It's a question of what happens implicitly. Let's walk the whole process.

For clarity, consider $struct defined in a single block:

my $struct = { hashRef => { fruit => 'apple', veggie => 'corn' }, arrayRef => [ qw(1 2 3 4 5) ], };

So, if you look at $struct, that's a hash reference (to a hash with two keys, 'hashRef' and 'arrayRef'). %$struct is the dereferenced hash; %{$struct} is the same thing, but you don't need the {}'s in this case. So those two represent a hash (not a reference), with the two keys above.

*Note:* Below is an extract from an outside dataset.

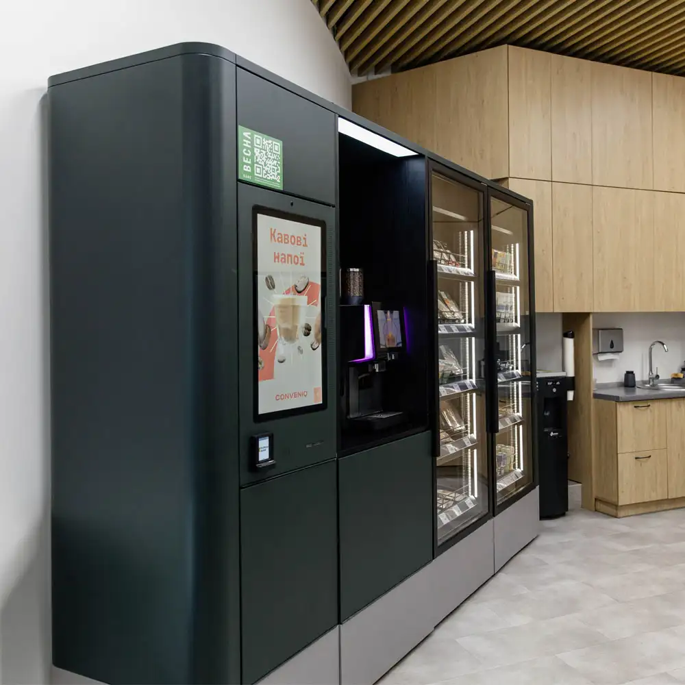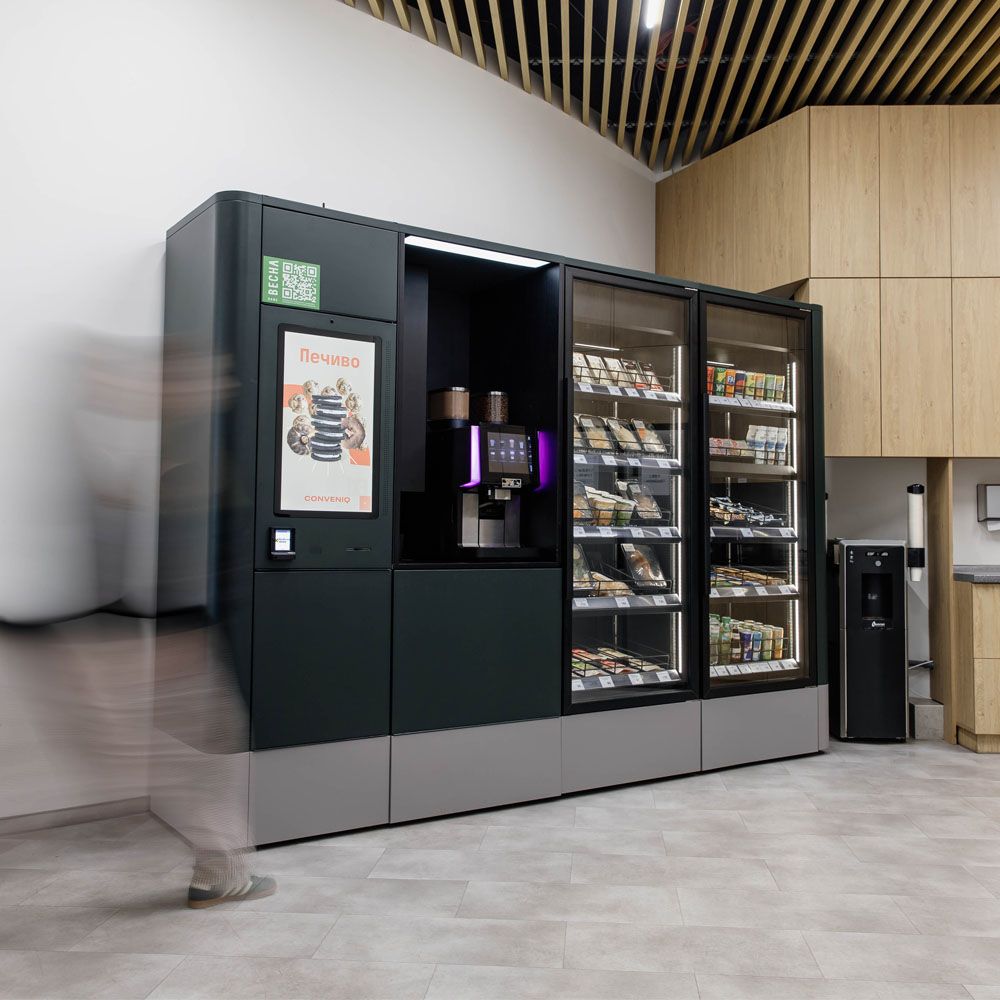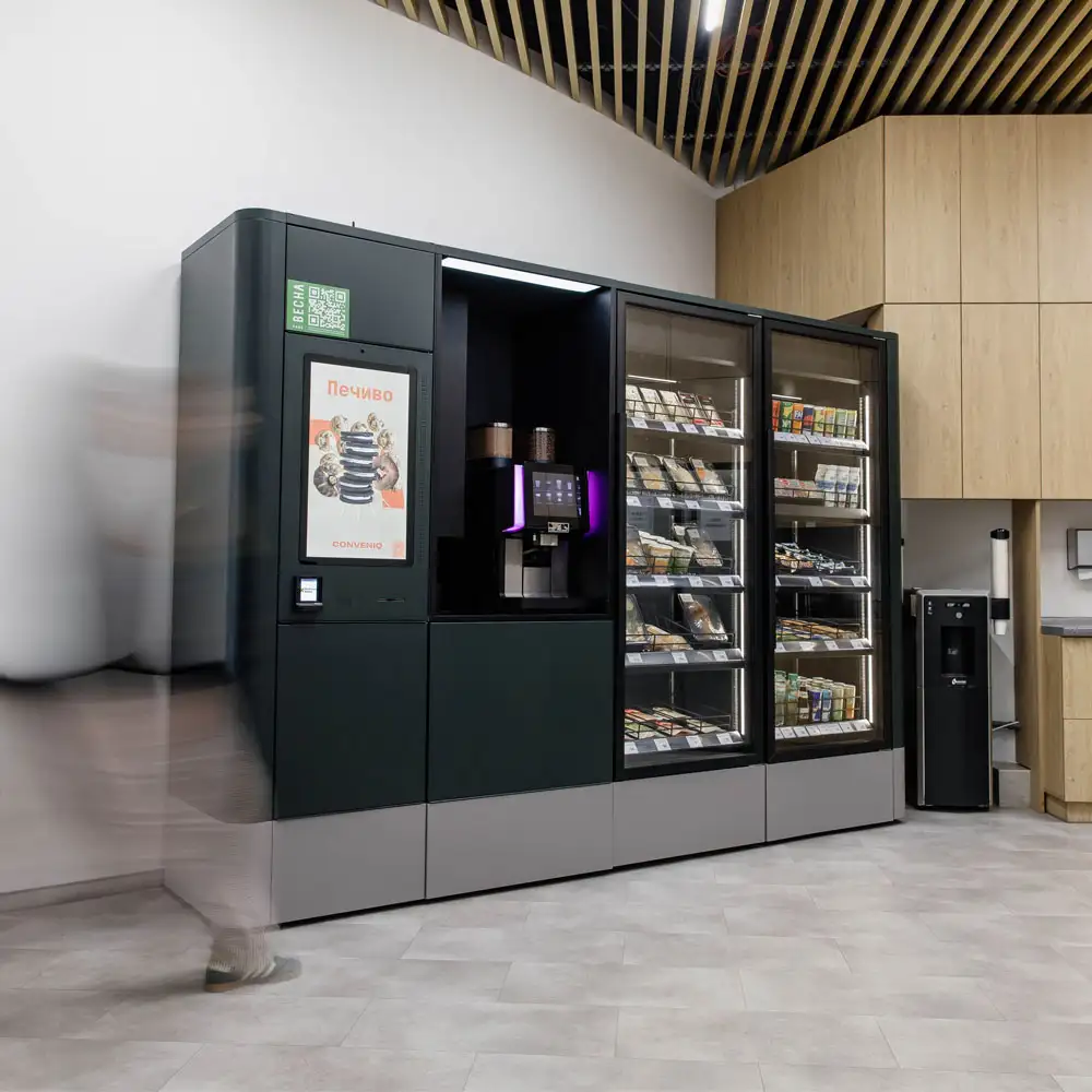 CONVENIQ combină un frigider Grab&Go, un locker de colete și un modul de cafea într-un singur dispozitiv, controlat prin software integrat.

$struct->{hashRef} is a hash reference (to a hash with two keys, 'fruit' and 'veggie'). You can't do $struct{hashRef}, because that's looking for the key 'hashRef' in the hash %struct, not the hash reference $struct.

Now, that's all (hopefully) clear. Here's where it gets trickier. We know that $struct->{hashRef} is a hash reference too (just like $struct) is. So to look up a key inside that, we have to dereference it, and we get $struct->{hashRef}->{fruit}.

But, wait a minute. You wrote $struct->{hashRef}{fruit}, not $struct->{hashRef}->{fruit}. What happened to the extra ->? The answer is that perl puts it there implicitly, between {} hash subscripts or [] array subscripts. Consider the array case; $struct->{arrayRef}[2] and $struct->{arrayRef}->[2] both do the same thing, because in the former case perl implicitly puts a -> in, because it knows you're going through a reference rather than a (hash|array).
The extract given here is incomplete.